The Messiahs Fingerprint

Text: Luke 24

Proposition: The resurrection of Jesus is supported by the evidence.

Introduction: Lee Strobel in his book, ‘The Case for Faith’, uses a phrase that caught my attention the first time I saw it. It reminded me of the trend we see today for protection and security, we see it as pin numbers on debit cards, passwords on internet accounts, even passports and photo ID that ensure our security and identity. The phrase that Strobel used was, ‘The Messiah’s Fingerprint’, that which authenticates Who He is, what He claimed and what He did. To even begin talking about Jesus death and resurrection several things come to mind:

1. Always it will be an exercise of faith, that’s the design of God. He intends that we live by faith, Hebrews 11:6 even says. “And without faith it is impossible to please Him, for he who comes to God must believe that He is and that He is a rewarder of those who seek Him.” What is your verdict, what do you find or believe as the jury?

2. The evidence that we read in Scripture was for those people fresh evidence, they had just seen Jesus, they were there on Palm Sunday, at the last supper, in Gethsemane and at the crucifixion. It was fresh evidence for them and they relate to it like that, but for you and I the evidence of Easter is 2000 years old, we can tend to minimize it or even disqualify it.

3. There is nonetheless a ‘fingerprint’ that identifies Jesus as the Christ, it points to not only the reality of His death and resurrection but also to the reality of what He said this would accomplish. Let’s look at a series of questions that if satisfied will be like the ridgelines of a fingerprint, the Messiah’s Fingerprint.

I. Did Jesus Ever Claim to be God?

When the women went to the tomb that early morning they were met by two angels who simply prompted them, “Remember how He spoke to you when He was still in Galilee saying, “The Son of Man must be delivered into the hands of sinful men and be crucified and the third day rise again.” The Son of Man was a title that Jesus used to describe Himself, a term first used in Daniel 7 to identify an eternal King.

Perhaps as the disciples continued to remember they thought of the time at the well when Jesus told the Samaritan woman that He was the Messiah. Perhaps they remembered the time when Jesus said to the Pharisees, “I tell you the truth, before Abraham was, I Am.” (Jn 8:58)  Not much later Jesus again said to the Pharisees, “I and the Father are One.”(Jn10:30) In both cases the Jews understood exactly what Jesus was saying, they understood that He was claiming equality with God and they tried to kill Him for doing so. There was the time Jesus healed a paralyzed man and then in front of the crowd He said the man’s sins were forgiven, knowing that only God could do that.  When Peter proclaimed that Jesus was the Messiah, the Son of God, Jesus does not rebuke him but rather affirms that what Peter has said is true. Again and again Jesus told them that He was indeed equal in power and authority to the Father, which was tantamount to proclaiming that He was God.

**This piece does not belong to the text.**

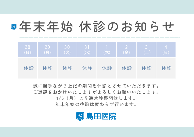 院長学会出席のため、下記の日程は臨時休診とさせていただきます。ご迷惑をおかけいたしますが、何卒よろしくお願い申し上げます。

II. Did Jesus Actually Die? The death of Jesus is recorded by Matthew, Mark, Luke and John. The details are extensive, from the severe beating and torture of being scourged, gouged with thorns, beaten and then being forced to drag a cross through down the Via Deloroso to Golgotha. At one point Jesus collapses, physically His body was beginning to go into shock from the loss of blood.  The extent of this beating is indicated in the prophecy of Isaiah 50:6: "I offered my back to those who beat Me, My cheeks to those who pulled out My beard; I did not hide My face from mocking and spitting". Another prophecy in Isaiah 52:14 is even more graphic: "His form, disfigured, lost all human likeness; His appearance so changed He no longer looked like a man". The crucifixion was carried out by trained Roman executioners whose cruelty and effectiveness ensured their own survival from their overlords. Jesus was nailed through the wrists, crushing the median nerve causing absolute agony. The pain of crucifixion created a word that is still used today, the word ‘excruciating’ literally means, ‘out of the cross’. This ‘out of the cross’ pain would have been accompanied by a sense of suffocation as Jesus would push upwards in order to get the air He needed to say the last words to His disciples. Blood loss in both arms, feet and then being pierced with a spear, it’s tip ripping the stomach, lungs and heart caused an outpouring of blood and water. Jesus died on the cross, His dead body was taken down, wrapped in a shroud and placed in a burial tomb, His dead body was handled by at least 10 people. That’s what the facts proclaim.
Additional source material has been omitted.